The history of language acts as a case study for the history of technology in general. While it’s again difficult to explain why certain inventors develop certain inventions, the structure of agricultural societies favored the invention of new technologies. Agricultural societies lead to the creation of leisure time, since crops can be stored for long periods—citizens of early agricultural societies experimented with the resources and raw materials around them. Additionally, agricultural societies were denser than hunter-gatherer societies, increasing the velocity with which people exchanged ideas. As a result, agricultural societies developed more new technologies and passed on their innovations to neighboring societies. Ancient agricultural societies tend to develop into large, complex states. While the earliest agricultural societies were small tribes, these small tribes gradually merged into larger societies, either through conquering or mutual agreement. As societies became larger and denser, they tended to develop centralized structures of power. States ruled through a balance of kleptocracy and religion or patriotic fervor. By the 16th century—not coincidentally, the time when Europe was beginning its conquest of the New World—the state had become the dominant mode of society.

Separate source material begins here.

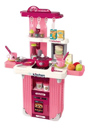 Cocina De Juguete Con Accesorios Y Estufa Para Niñas 3 En 1 Portátil Rosa

In Part Four, Diamond looks at a series of case studies that support his theory. Some interesting arguments include how China was able to become the world’s first large, centralized state for environmental reasons—the temperate climate and homogeneous geography enabled easy communication and political unification between the states of China. Another fascinating examples includes how Bantu peoples of North Africa were more militarily successful than their sub-Saharan neighbors because they developed some limited forms of agriculture. In conclusion, Diamond argues, the differences between different peoples and societies of the world are largely attributable to geographic differences between different regions of the world. In certain parts of the world, humans began pursuing agriculture because the fertile soil and temperate climate made agriculture a good use of time and resources. Agricultural societies then gained tremendous advantages over non-agricultural societies, because the increase in leisure time enabled people to develop technologies and centralized political structures, and the proximity to animals gave people immunities to deadly diseases. As a result, some societies were able to conquer others.
One of the most common feedbacks I read about this book is that the book oversimplifies things. However, I’d like to defend the author by stressing that Diamond harbor no illusions that these chapters have succeeded in explaining the histories of all the continents for the past 13,000 years. Obviously, that would be impossible to accomplish in a single book, not to mention we don’t have the answers. The author emphasizes that at best, this book identifies several constellations of environmental factors that he believes provide some answers to the important questions. Recognition of those factors emphasizes the unexplained residue, whose understanding will be a task for the future.